- **Information**:
● ● ●
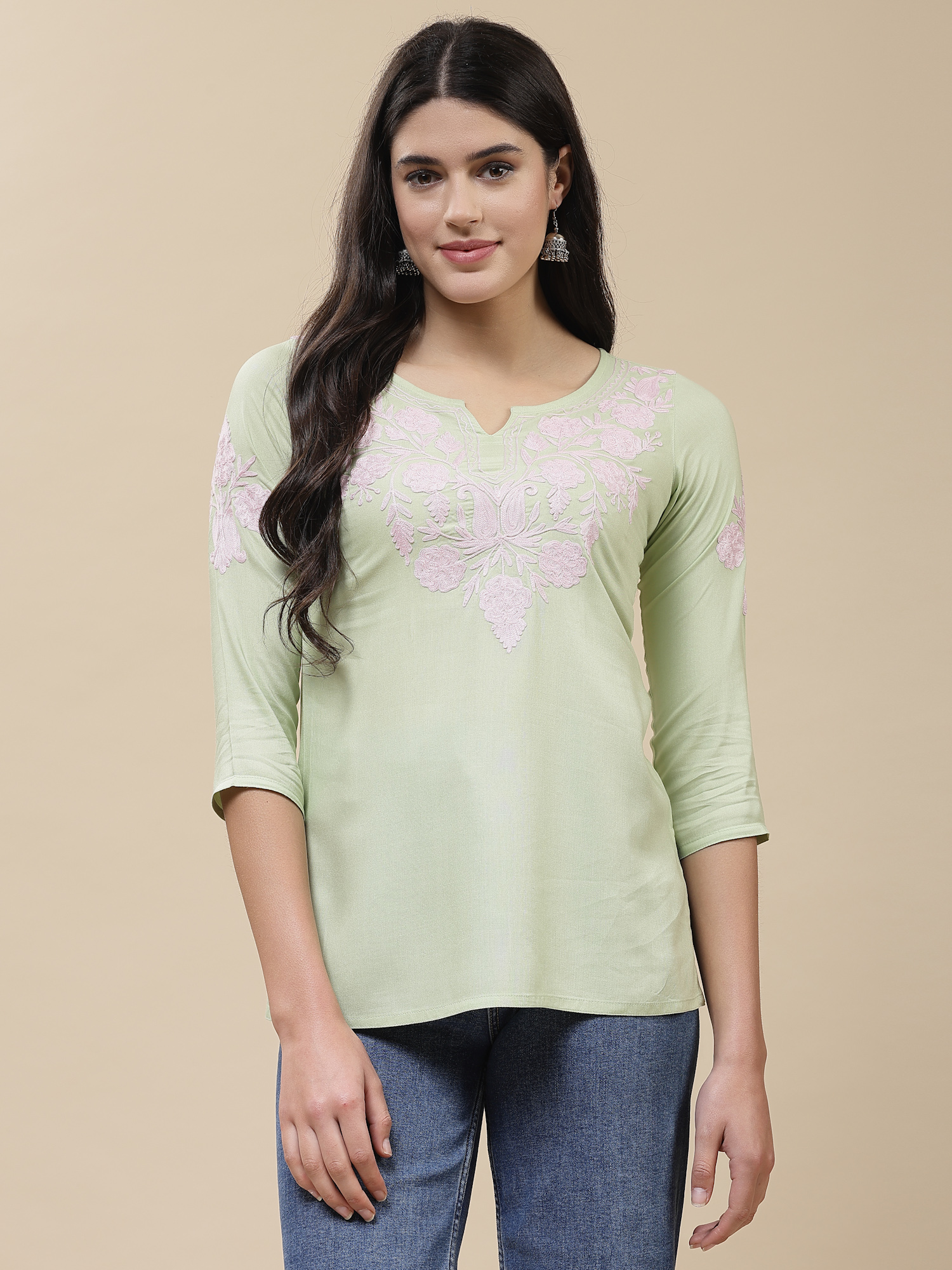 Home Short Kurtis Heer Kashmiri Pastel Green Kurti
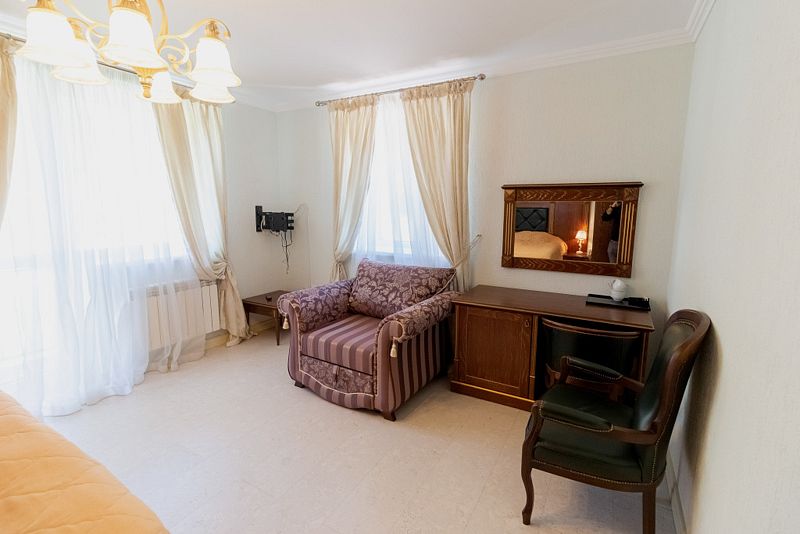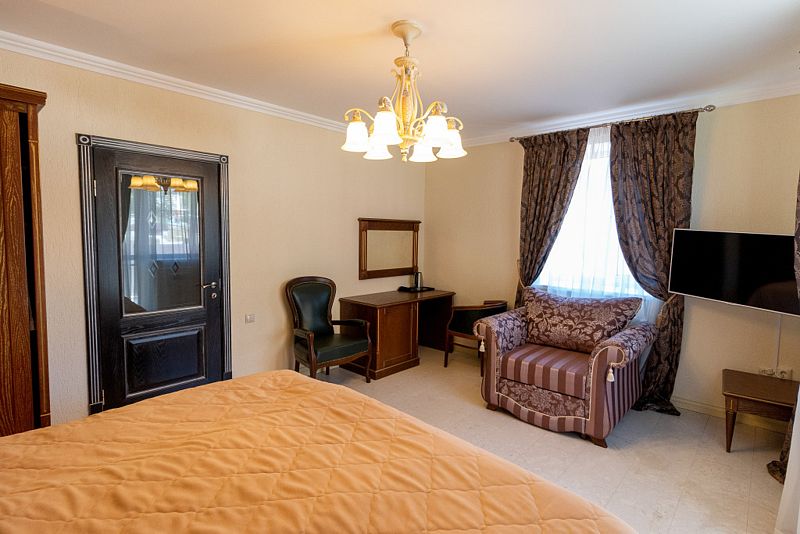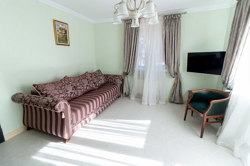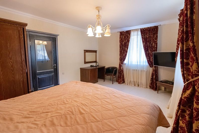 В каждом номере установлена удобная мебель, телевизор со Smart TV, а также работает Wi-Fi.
● ● ●
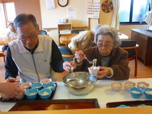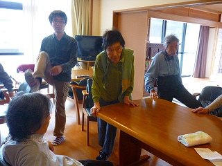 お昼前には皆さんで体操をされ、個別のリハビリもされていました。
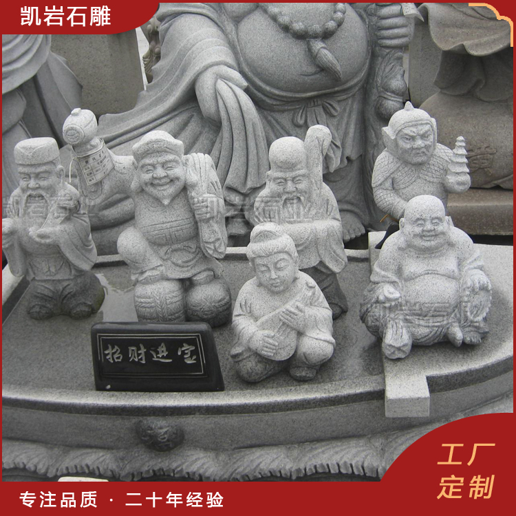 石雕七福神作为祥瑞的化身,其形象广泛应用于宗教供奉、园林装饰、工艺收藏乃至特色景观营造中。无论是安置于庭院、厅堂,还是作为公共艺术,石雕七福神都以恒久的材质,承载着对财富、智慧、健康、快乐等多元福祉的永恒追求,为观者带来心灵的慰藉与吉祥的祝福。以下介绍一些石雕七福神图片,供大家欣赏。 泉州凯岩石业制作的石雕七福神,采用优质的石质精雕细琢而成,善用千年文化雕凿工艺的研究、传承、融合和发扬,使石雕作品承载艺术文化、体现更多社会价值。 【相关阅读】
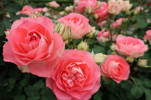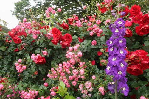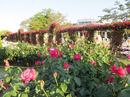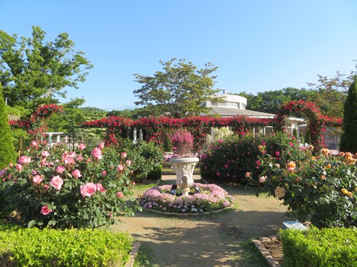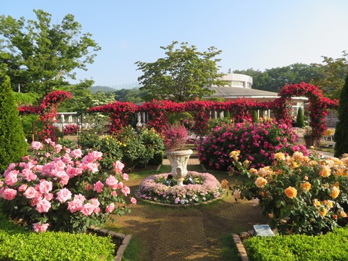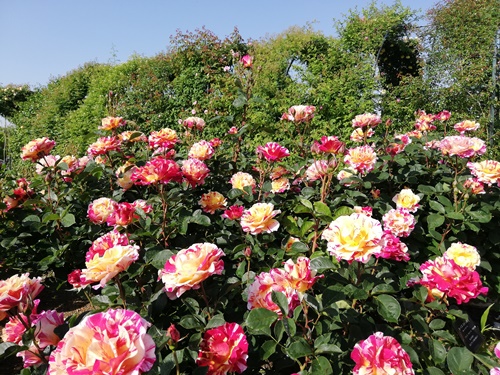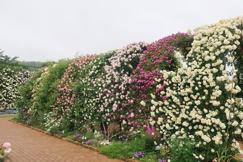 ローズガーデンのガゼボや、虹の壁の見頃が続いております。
● ● ●
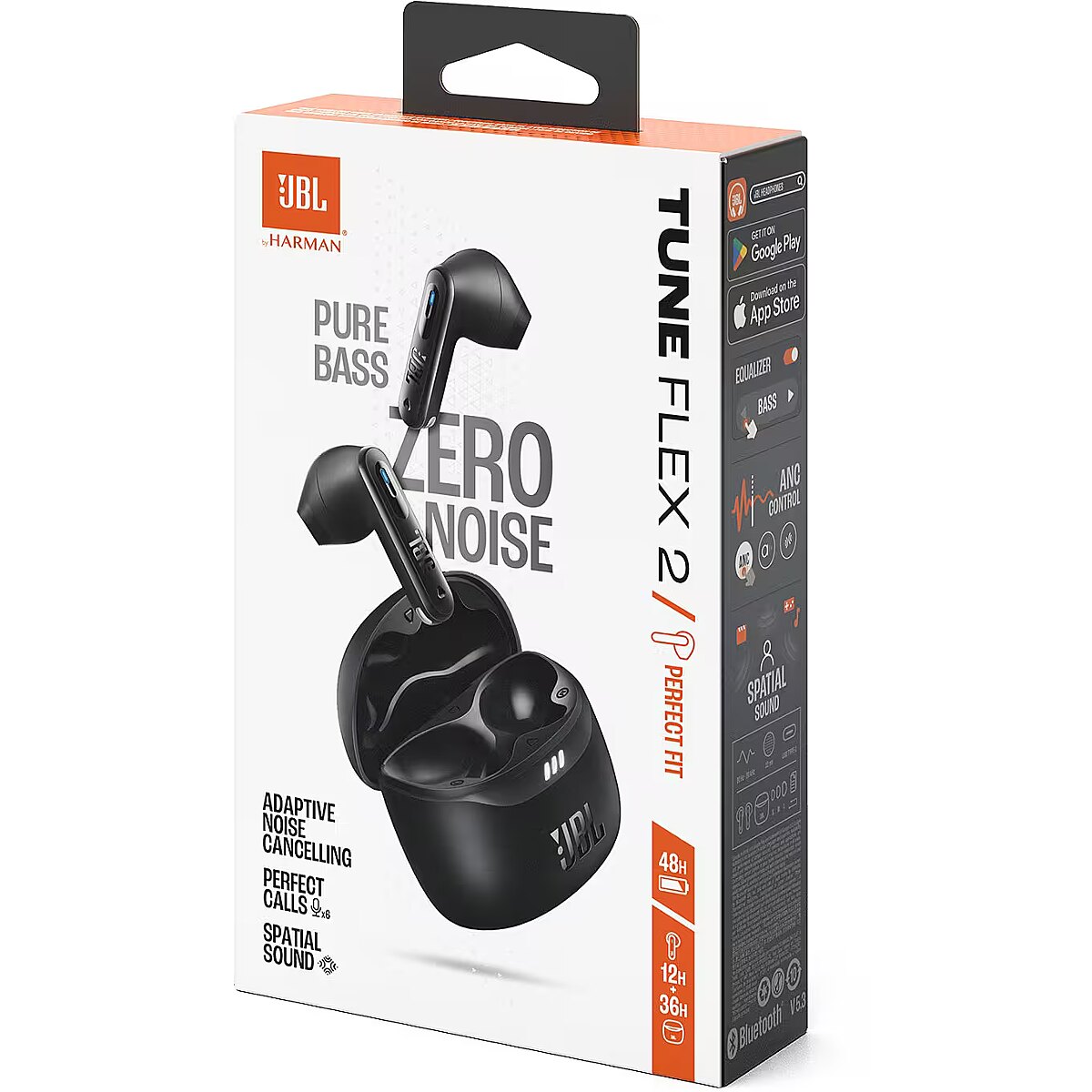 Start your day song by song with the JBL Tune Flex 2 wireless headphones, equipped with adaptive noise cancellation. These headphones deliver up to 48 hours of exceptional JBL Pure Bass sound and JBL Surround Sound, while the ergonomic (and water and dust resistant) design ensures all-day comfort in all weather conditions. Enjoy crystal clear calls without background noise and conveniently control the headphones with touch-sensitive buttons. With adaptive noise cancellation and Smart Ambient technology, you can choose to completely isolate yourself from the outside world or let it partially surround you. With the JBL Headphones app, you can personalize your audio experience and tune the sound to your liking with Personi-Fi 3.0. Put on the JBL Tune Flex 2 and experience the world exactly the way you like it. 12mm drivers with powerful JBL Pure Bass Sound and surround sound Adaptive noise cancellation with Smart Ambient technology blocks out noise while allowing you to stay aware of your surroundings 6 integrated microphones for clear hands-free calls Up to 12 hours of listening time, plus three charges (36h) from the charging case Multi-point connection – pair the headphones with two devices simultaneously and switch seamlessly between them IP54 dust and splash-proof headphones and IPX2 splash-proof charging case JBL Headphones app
● ● ●
- **Exercise instructions**:
Only one part of the material above is wanted: the lines from the one with "お昼前には皆さんで体操をされ、個別のリハビリもされていました。" up to and including the one with "ローズガーデンのガゼボや、虹の壁の見頃が続いております。". Please copy them exactly, pictures left out.

- **Solution to this exercise**:
 お昼前には皆さんで体操をされ、個別のリハビリもされていました。
 石雕七福神作为祥瑞的化身,其形象广泛应用于宗教供奉、园林装饰、工艺收藏乃至特色景观营造中。无论是安置于庭院、厅堂,还是作为公共艺术,石雕七福神都以恒久的材质,承载着对财富、智慧、健康、快乐等多元福祉的永恒追求,为观者带来心灵的慰藉与吉祥的祝福。以下介绍一些石雕七福神图片,供大家欣赏。 泉州凯岩石业制作的石雕七福神,采用优质的石质精雕细琢而成,善用千年文化雕凿工艺的研究、传承、融合和发扬,使石雕作品承载艺术文化、体现更多社会价值。 【相关阅读】
 ローズガーデンのガゼボや、虹の壁の見頃が続いております。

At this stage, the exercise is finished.